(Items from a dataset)
==========
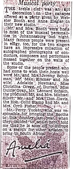 Anne and Webster at a concert in 1957, Anne had her hair cut in an ‘Italian Boy’ style. She was the talk of Johannesburg!Because of worsening tax problems they decided to emigrate to South Africa and left the UK in July of 1956, intending to settle permanently in the country, not realising that there was not really enough first-class professional work for them after the initial excitement of their arrival. Most South Africans wondered why a successful couple like the Booths had chosen to settle in the country. Most assumed that they had not been doing as well in the UK as before and that was why they had moved to South Africa. Few knew about the income tax demands.
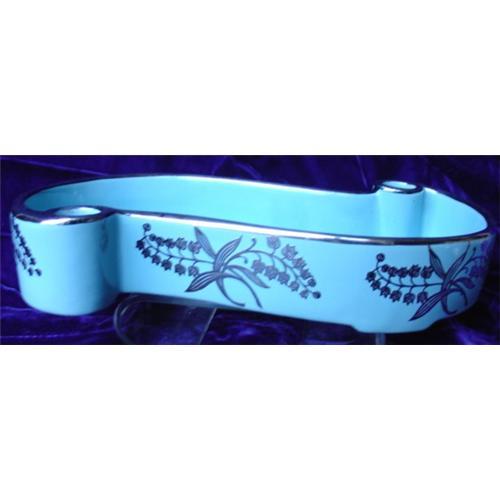 This 1950's Haeger planter has it all. It is a low planter which also has room for two candles. There is a heavy sterling silver overlay in the form of lily of the valley flowers on all sides. This planter measures approximately 11 1/4" in length. It is in excellent vintage condition.
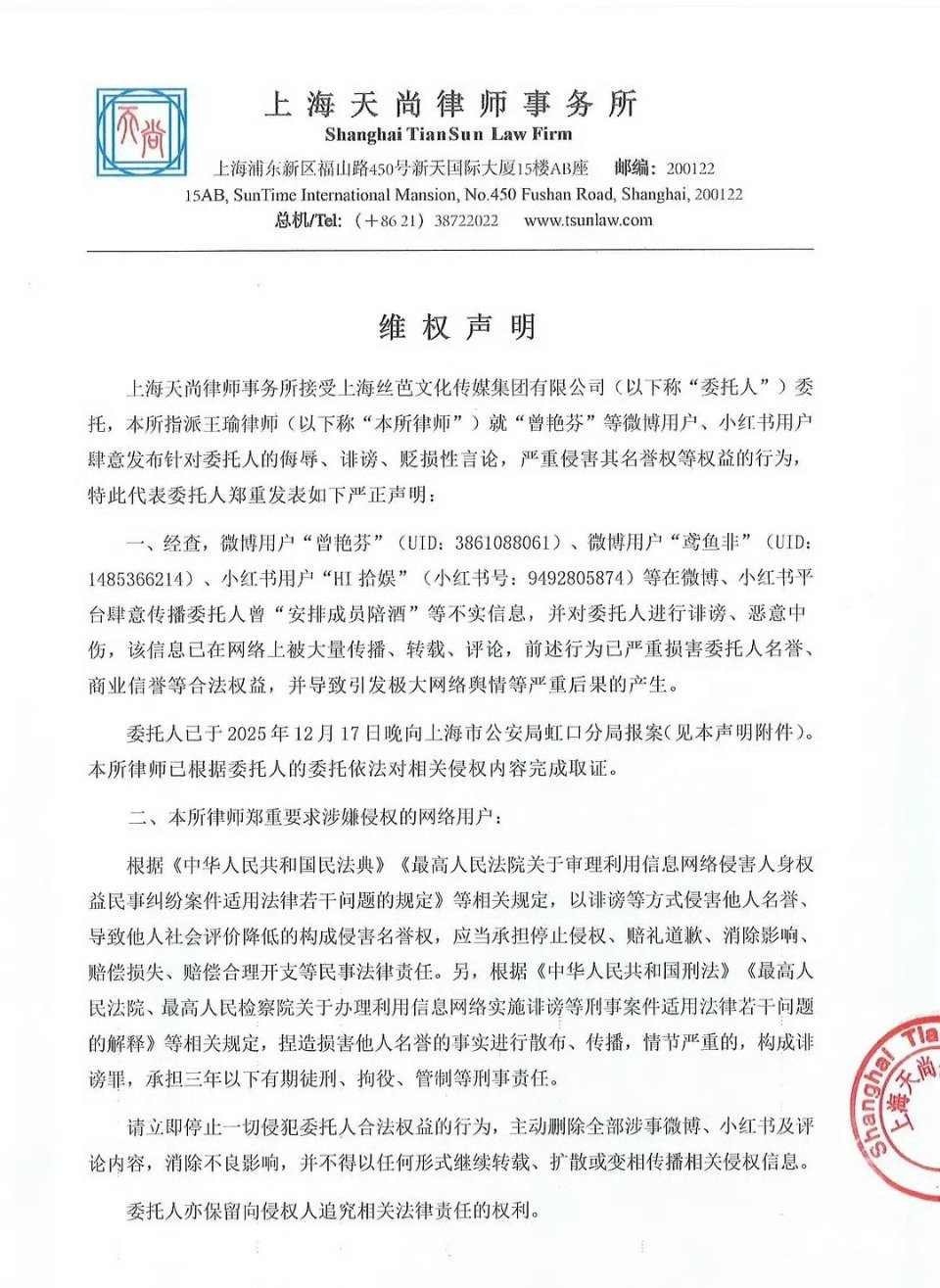 丝芭发文,致艺人鞠婧祎的最后告知说要对鞠婧祎实名公开举报
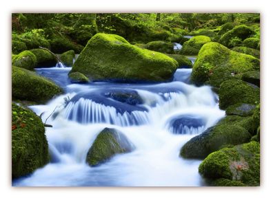 XXL Poster 100 x 70cm Gebirgsbach blaues Wasser über grüne moosbedeckte Steine
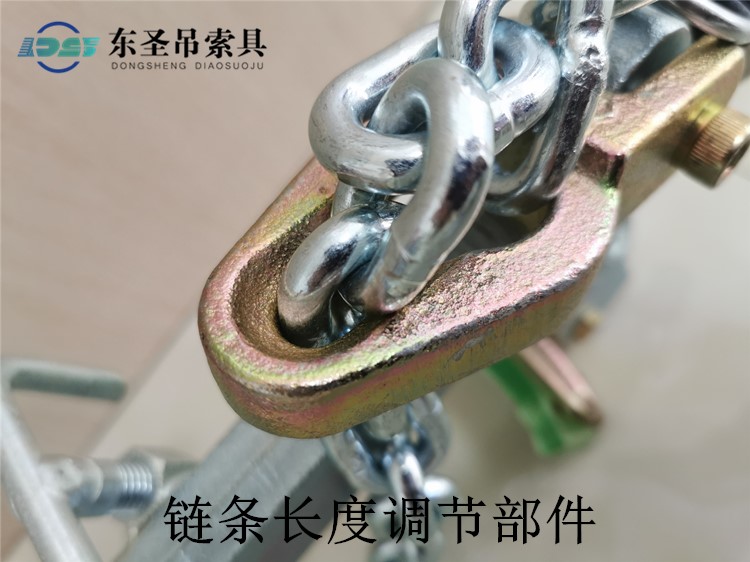 - 鏈條式吊夾 鏈條式吊夾也叫吊鏈?zhǔn)降鯅A,其有兩塊主夾板,中間用螺栓連接,兩端用鏈條連接在一起,鏈條用于掛在吊鉤上。利用這兩個(gè)主夾板的杠桿作用來夾持物體。
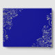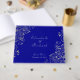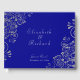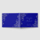 Eine schöne und elegante Art, sich an die Gäste zu erinnern, die Ihre Hochzeit und Ihren Empfang besucht haben. Auf blauem Hintergrund kaskadieren silbergraue Wirbel, Blume und Schnörkel um die Ecken und an den Seiten. Ihre Namen sind in einem stilvollen Hochzeitsskript-Schriftart. Fügen Sie Ihre Vornamen und das Hochzeitdatum hinzu. Legen Sie auch Ihre Vornamen auf den Rücken. Eine ausgezeichnete Wahl für eine klassische Winterhochzeit. Frag deinen Gästen, nicht nur ihre Namen zu unterschreiben, sondern auch ihre Ratschläge und besten Wünsche zu senden.
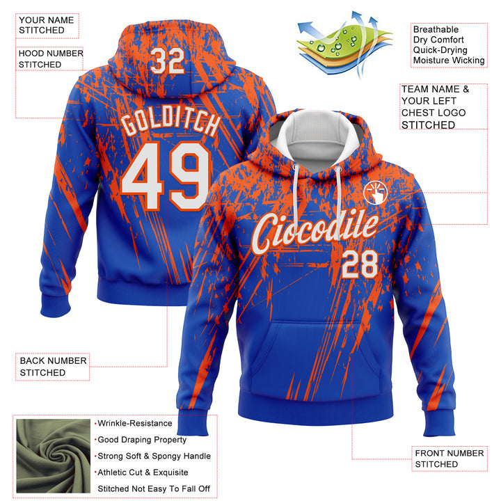 Custom Stitched Thunder Blue White-Orange 3D Pattern Design Splash Grunge Art Sports Pullover Sweatshirt Hoodie
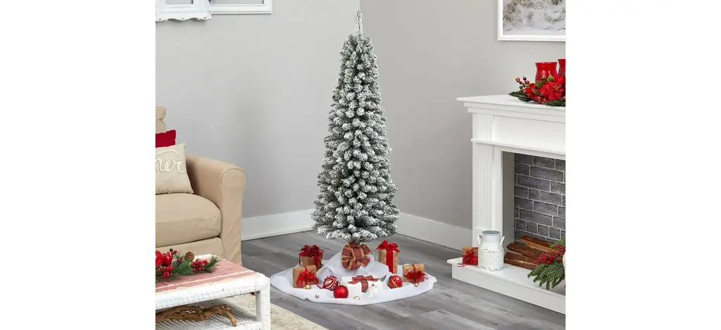 5Ft. Pre-Lit Flocked Pencil Artificial Christmas Tree
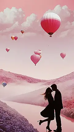 This wallpaper is like the ultimate romantic scene from a movie, but instead of buying popcorn, you get to stare at it whenever you unlock your phone! Seriously, look at those hot air balloons floating around – talk about dreamy! And don’t even get me started on the couple; they look like they’re about to burst into a musical number. Good luck getting any homework done with this as your background, you will be too focused on dreaming about your own rom-com moment!
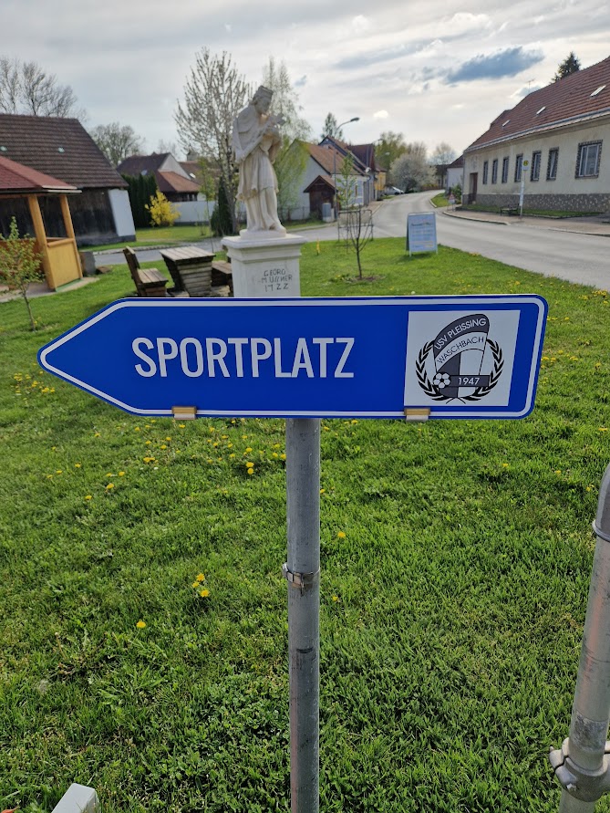 Nach der Kulturrunde geht es zum idyllisch gelegenen Sportplatz nach Pleissing, der sich heute ordentlich füllen sollte. Die offiziell angegebenen Besucherzahl von 80 ist viel zu niedrig angesetzt. Es werden wohl deren 200 sein. Als einer davon meine Kamera erblickt, erschrickt er: "Hui, D'zeitung is a do!"
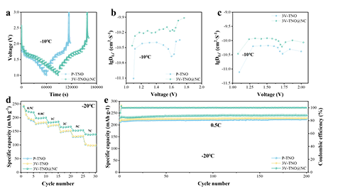 為了考察其實(shí)際應(yīng)用潛力, P-TNO和3V-TNO@NC作為電極材料的扣式電池被測試了低溫性能。在-10°C時(shí),P-TNO和3V-TNO@NC在放電過程中的lg分別為-11.11至-10.33和-10.45至-9.90;在充電過程中分別為-11.09至-10.16和-10.46至-9.91。接下來,測試并分析了低溫下的倍率性能。在-20°C時(shí),3V-TNO@NC在0.5、0.8、1C、2C、5C和7C下分別表現(xiàn)出225.52、198.78、183.52、165.92、153.24和138.54 mAh/g的優(yōu)異比容量,顯著優(yōu)于3V-TNO和P-TNO。最后,三種電極均表現(xiàn)出優(yōu)異的循環(huán)性能,特別是3V-TNO@NC,在200次循環(huán)后仍保持240.6 mAh/g。
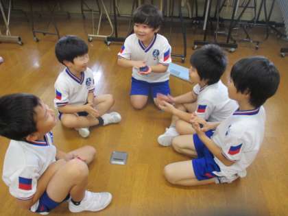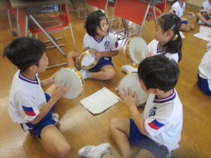 音楽科の学習では、「山のポルカ」の合奏練習をしています。今日は、自分が選んだ楽器でグループごとにリズムを確かめ合いました。鍵盤ハーモニカ、タンブリン、カスタネット、すず、トライアングル、ウッドブロックのそれぞれの音が重なると、「初めての合奏だったけれど、楽しかった」と手応えを感じていました。
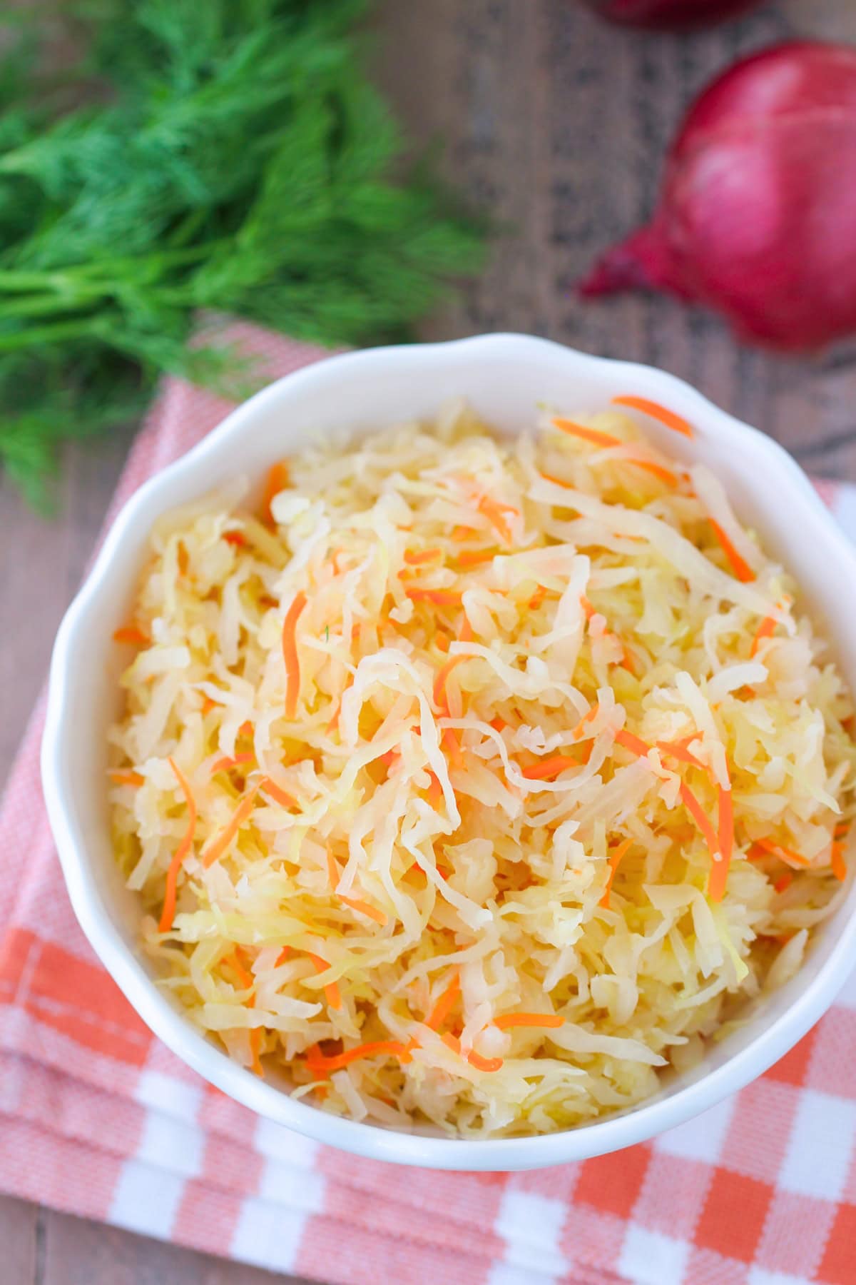 To make a simple sauerkraut salad, I simply season it with salt (if needed) and freshly ground black pepper, a drizzle of olive oil, thinly sliced or finely minced red onion, dill seeds, and fresh herbs, like green onion and dill. Some easy pickled red onions are fantastic in the sauerkraut salad if you have some on hand too. Sometimes, I also add a thinly sliced apple to it for a bit of sweetness.
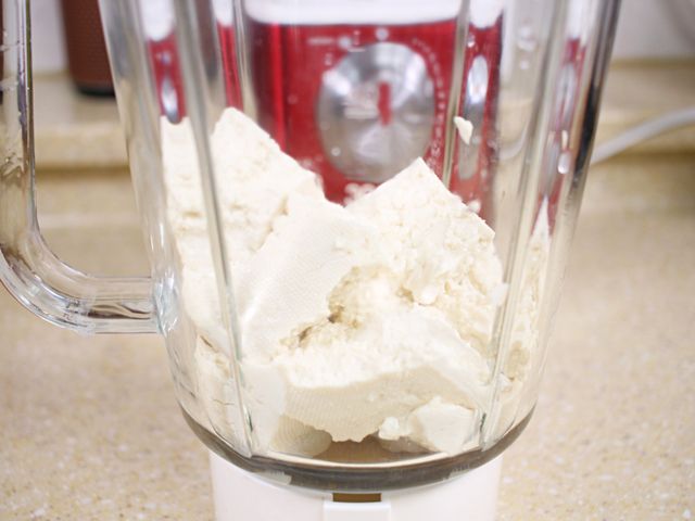 믹서기에 두부 1모를 넣어요.
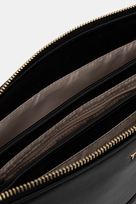 Небольшая сумочка из коллекции Twinset. Модель на молнии, выполнена из экокожи. - Застежка-молния. - Имеет три отделения. - Внутренний карман на молнии для удобного и безопасного хранения телефона и других мелких предметов. - Модель на подкладке. - Не подходит для формата А4. - Имеет регулируемую ручку и съемный регулируемый ремень. - Входящий в комплект тканевый чехол защищает изделие от пыли. - Глубина: 6 см. - Высота: 18,5 см. - Ширина у основания: 28,5 см. - Максимальная длина ручки: 62 см. - Минимальная длина ручки: 54 см. - Минимальная длина ремня: 106 см. - Максимальная длина ремня: 120 см.
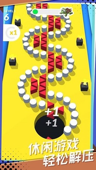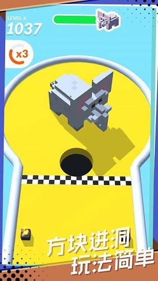 一款休闲闯关游戏,在这里,玩家的任务就是让方块进洞,每个关卡中都有非常多的方块,所以玩家不能遗漏任何一个方块,在游戏中还有非常多的游戏设定,所以玩家要注意到这些设定,并且根据这些来想一个方法与策略,让自己尽快的赢得比赛的胜利。
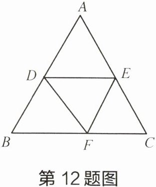 12 如图,等边三角形ABC边长是7厘米,点D、E分别在AB和AC上,且$\frac {AD}{AE}= \frac {4}{3}$,将$\triangle ADE$沿DE翻折,使点A落在BC上的点F上。
==========
## WHAT TO DO
With the pictures omitted, restate word for word the lines above from the line that has "This wallpaper is" up to and including the line that has "믹서기에 두부 1모를 넣어요.", and no other lines.

## COMPLETED EXERCISE
 This wallpaper is like the ultimate romantic scene from a movie, but instead of buying popcorn, you get to stare at it whenever you unlock your phone! Seriously, look at those hot air balloons floating around – talk about dreamy! And don’t even get me started on the couple; they look like they’re about to burst into a musical number. Good luck getting any homework done with this as your background, you will be too focused on dreaming about your own rom-com moment!
 Nach der Kulturrunde geht es zum idyllisch gelegenen Sportplatz nach Pleissing, der sich heute ordentlich füllen sollte. Die offiziell angegebenen Besucherzahl von 80 ist viel zu niedrig angesetzt. Es werden wohl deren 200 sein. Als einer davon meine Kamera erblickt, erschrickt er: "Hui, D'zeitung is a do!"
 為了考察其實(shí)際應(yīng)用潛力, P-TNO和3V-TNO@NC作為電極材料的扣式電池被測試了低溫性能。在-10°C時(shí),P-TNO和3V-TNO@NC在放電過程中的lg分別為-11.11至-10.33和-10.45至-9.90;在充電過程中分別為-11.09至-10.16和-10.46至-9.91。接下來,測試并分析了低溫下的倍率性能。在-20°C時(shí),3V-TNO@NC在0.5、0.8、1C、2C、5C和7C下分別表現(xiàn)出225.52、198.78、183.52、165.92、153.24和138.54 mAh/g的優(yōu)異比容量,顯著優(yōu)于3V-TNO和P-TNO。最后,三種電極均表現(xiàn)出優(yōu)異的循環(huán)性能,特別是3V-TNO@NC,在200次循環(huán)后仍保持240.6 mAh/g。
 音楽科の学習では、「山のポルカ」の合奏練習をしています。今日は、自分が選んだ楽器でグループごとにリズムを確かめ合いました。鍵盤ハーモニカ、タンブリン、カスタネット、すず、トライアングル、ウッドブロックのそれぞれの音が重なると、「初めての合奏だったけれど、楽しかった」と手応えを感じていました。
 To make a simple sauerkraut salad, I simply season it with salt (if needed) and freshly ground black pepper, a drizzle of olive oil, thinly sliced or finely minced red onion, dill seeds, and fresh herbs, like green onion and dill. Some easy pickled red onions are fantastic in the sauerkraut salad if you have some on hand too. Sometimes, I also add a thinly sliced apple to it for a bit of sweetness.
 믹서기에 두부 1모를 넣어요.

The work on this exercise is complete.